Compilation album by The Wildhearts
- Released: March 2004
- Genre: Hard rock, punk rock, heavy metal
- Label: Gut Records

The Wildhearts chronology
| The Wildhearts Must Be Destroyed (2003) | Coupled With (2004) | The Wildhearts Strike Back (2004) |

= Coupled With =

Coupled With is a compilation album by The Wildhearts, released on Gut Records in March 2004. The album collects almost all the B-sides recorded by the band, released on various CD and vinyl singles during their reformation and comeback in the 2001-2003 period. The A-sides of most of these single releases appear on the 2003 studio album The Wildhearts Must Be Destroyed. The exception to this pattern is "Stormy in the North, Karma in the South" which was recorded as a non-album A-side for its own single release.

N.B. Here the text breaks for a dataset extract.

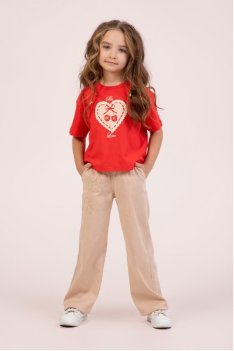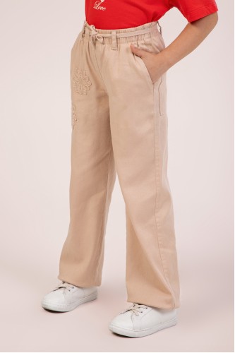 - 4-9 Yaş Kız Çocuk İşlemeli Pantolon - Bej

One B-side not included here is the instrumental version of "Dancin'" from the 7" single for "So Into You".

==Track listing==
All songs written by Ginger unless noted otherwise.
1. "Stormy in the North, Karma in the South" (Ginger, C.J.)
2. "Move On"
3. "Cheers" (Portnoy, Angelo, James)
  - Medley of the themes from the American TV shows Taxi and Cheers ("Where Everybody Knows Your Name"). This track received much coverage on The Chris Moyles Show on BBC Radio 1 in the UK.
4. "The People That Life Forgot"
5. "L.T.D." (Jon Poole)
6. "Looking for the One"
7. "6.30 Onwards"
8. "Eager to Leave 'Er"
9. "Putting It On" (C.J.)
10. "Better Than Cable"
11. "Lake of Piss" (Ginger, C.J.)
12. "If I Decide"
13. "Bang!"
14. "You Got to Get Through What You've Got to Go Through to Get What You Want, But You Got to Know What You Want to Get Through What You Got to Go Through" (Ginger, C.J., Stidi)
15. "Hit It On the Head" (C.J.)
16. "Let's Go" (Stidi, Ginger)
17. "Return to Zero" (Ginger, Steve Firth)
  - First appearance on CD, from the 7" vinyl single of "So Into You".
18. "O.C.D." (Ginger, C.J., Stidi)
19. "Action Panzer"
20. "Dancin'" (McCormack, Ginger)
  - Originally titled "Danny's Dancin'" when it appeared as the B-side of "So Into You".
21. "Stormy in the North, Karma in the South" (video)

- 1-2, 12-14 from the Stormy in the North, Karma in the South single.
- 6, 9-10, 16, 18 from the Vanilla Radio single.
- 4, 11, 17, 19-20 from the So Into You single.
- 3, 5, 7-8, 15 from the Top of the World single.